Task directions: Take the entries below and print, exactly, the stretch from the line containing "View of the" through the line containing "Alastair Cook Batting", both included.

The input:
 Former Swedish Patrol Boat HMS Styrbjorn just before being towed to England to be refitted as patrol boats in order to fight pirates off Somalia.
==
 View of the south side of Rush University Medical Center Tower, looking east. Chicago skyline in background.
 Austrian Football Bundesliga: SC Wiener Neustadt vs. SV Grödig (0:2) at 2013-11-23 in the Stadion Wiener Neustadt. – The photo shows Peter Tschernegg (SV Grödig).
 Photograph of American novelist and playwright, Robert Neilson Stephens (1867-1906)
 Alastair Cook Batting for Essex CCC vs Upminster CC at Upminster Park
...
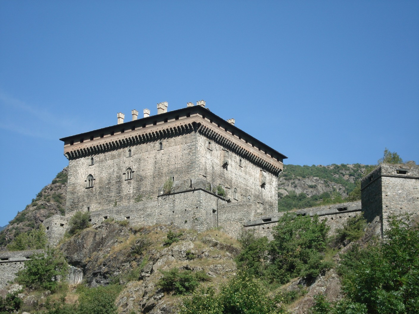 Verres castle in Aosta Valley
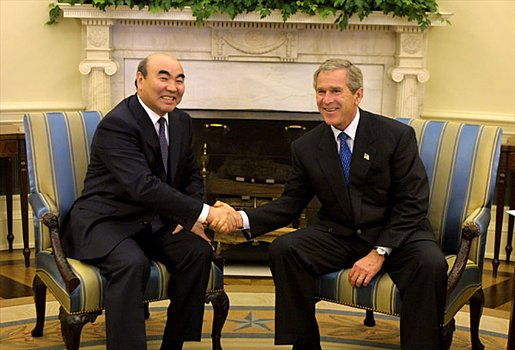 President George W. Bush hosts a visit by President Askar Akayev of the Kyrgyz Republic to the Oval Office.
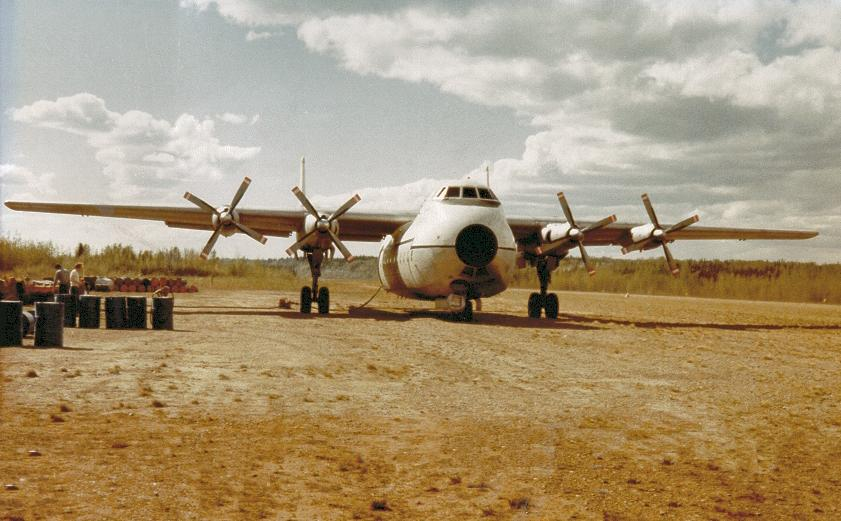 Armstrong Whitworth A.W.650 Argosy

Exercise response:
 View of the south side of Rush University Medical Center Tower, looking east. Chicago skyline in background.
 Austrian Football Bundesliga: SC Wiener Neustadt vs. SV Grödig (0:2) at 2013-11-23 in the Stadion Wiener Neustadt. – The photo shows Peter Tschernegg (SV Grödig).
 Photograph of American novelist and playwright, Robert Neilson Stephens (1867-1906)
 Alastair Cook Batting for Essex CCC vs Upminster CC at Upminster Park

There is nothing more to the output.